WORK ITEM:
The reply is to be the lines from the one with "Capes and ponchos" through the last line of the records below, each retyped exactly, with pictures left out.

EXTRACTED ENTRIES:
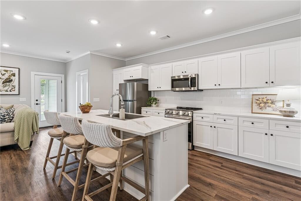 First Month's Rent is FREE! Move-in Ready New Construction! Grant’s Ferry Cove is a lovely neighborhood situated by an expansive freshwater lake setting perfect for today’s discerning homeowner. This vibrant community pairs the ease of single-level design with the sophistication of modern finishes and the richness of resort-style amenities. At its heart, a beautifully appointed clubhouse welcomes gatherings with a caterer’s kitchen, fitness center, TV lounge, and game room. Outdoors, residents can enjoy a sparkling pool, tennis, and two pickleball courts—all just steps from home. Each duplex-style residence showcases refined craftsmanship: open floor plans, luxury vinyl plank flooring, quartz countertops, stainless steel appliances, and soft-close shaker cabinetry. The great room flows seamlessly to a covered porch, creating effortless indoor-outdoor living. The primary suite serves as a private retreat with walk-in closet, spa-style bath, and double vanity, while two additional bedrooms and a two-car garage offer both space and convenience. Centrally located near I-95, shopping, dining, medical facilities, and golf, Grant’s Ferry Cove offers quick access to the Golden Isles’ best amenities. The new Buc-ee’s, FLETC, and Brunswick Airport are within minutes, while Savannah and Jacksonville are just an hour’s drive away. Visit our furnished model at 225 Bottlebrush Walk and experience Grant’s Ferry Cove for yourself. The time to embrace this lifestyle is now.
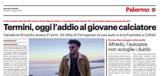 L'edizione odierna del "Giornale di Sicilia" si sofferma sulla scomparsa di Salvatore Rizzotto, 21enne che ha perso la vita in...
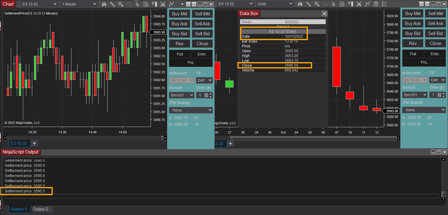 How can I access the settlement price or what data field does the chart access for the closing price for daily candles?
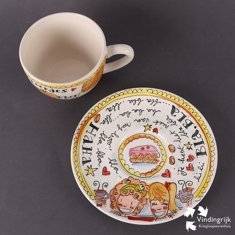 Blond Amsterdam beschildert voornamelijk persoonlijke theepotten, mokken en schilderijen. Hun gedeelde passie voor vrolijk en kleurrijk servies groeide uit tot een bont en gevarieerd assortiment. Het doel is om mensen met hun producten vrolijk en blij te maken. Dit is duidelijk te zien aan het handschrift van Blond wat je herkent aan de grappige en kleurrijke illustraties met een knipoog.
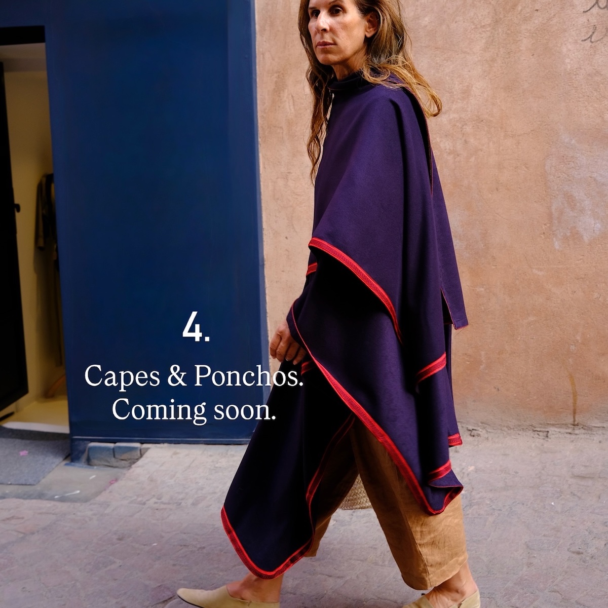 Capes and ponchos are our new season’s essentials. Their flowing silhouettes move beautifully with every step.
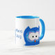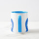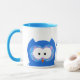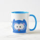 Uma caneca de cerâmica divertida com gráficos em estilo cartoon da cabeça de uma coruja feita em azul com um padrão paisley colorido ao seu redor. O texto azul, na frente da caneca, diz Whos Mug e pode ser personalizado para ler o que você quer. Boa ideia.

ANSWER TO THIS TASK:
 Capes and ponchos are our new season’s essentials. Their flowing silhouettes move beautifully with every step.
 Uma caneca de cerâmica divertida com gráficos em estilo cartoon da cabeça de uma coruja feita em azul com um padrão paisley colorido ao seu redor. O texto azul, na frente da caneca, diz Whos Mug e pode ser personalizado para ler o que você quer. Boa ideia.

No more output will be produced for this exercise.